In December, in a little-publicized amendment to the 2015 
appropriations bill that one legal scholar called a "buried land 
mine," Congress barred the Justice Department from spending any money 
to prevent states from "implementing their own state laws that 
authorize the use, distribution, possession, or cultivation of 
medical marijuana."

In the most advanced test of the law yet, Lynch's lawyers have asked 
the 9th U.S. Circuit Court of Appeals, which includes Hawaii, to 
"direct the DOJ to cease spending funds on the case." In a filing 
late last month, they argued that federal officials continuing to 
work on his prosecution "would be committing criminal acts."

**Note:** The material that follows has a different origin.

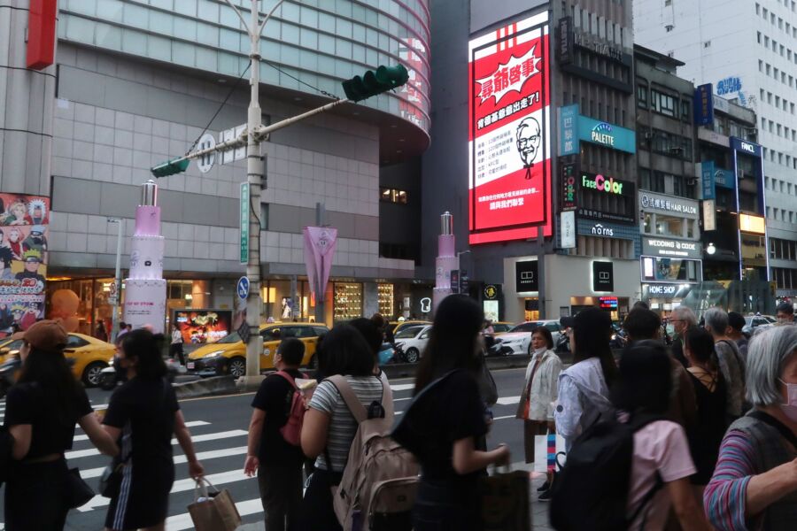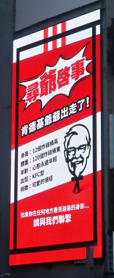 圖/台北市南西商圈電子看板上竟出現大幅肯德基「尋爺啟事」,引發路人討論。(肯德基提供)

But the Justice Department strongly disagrees, asserting that the 
amendment does not undercut its power to enforce federal drug law. It 
says that the amendment only bars federal agencies from interfering 
with state efforts to carry out medical marijuana laws, and that it 
does not preclude criminal prosecutions for violations of the 
Controlled Substances Act.

With the new challenge raised in several cases, federal judges will 
have to weigh in soon, opening a new arena in a legal field already 
rife with contradiction and paradox. At latest count, 23 states plus 
the District of Columbia permit medical marijuana. Four states have 
authorized recreational sales as well.

"If any court, especially the 9th Circuit, declares that the 
provision precludes federal prosecution of state-compliant 
individuals, this will be huge," said Douglas A. Berman, a professor 
at the Moritz College of Law at Ohio State University and editor of 
the Marijuana Law, Policy & Reform blog.

Such a ruling could put federal courts in the odd position of 
determining "when a state actor is complying with state law," said 
Berman, who used the metaphor of a buried land mine.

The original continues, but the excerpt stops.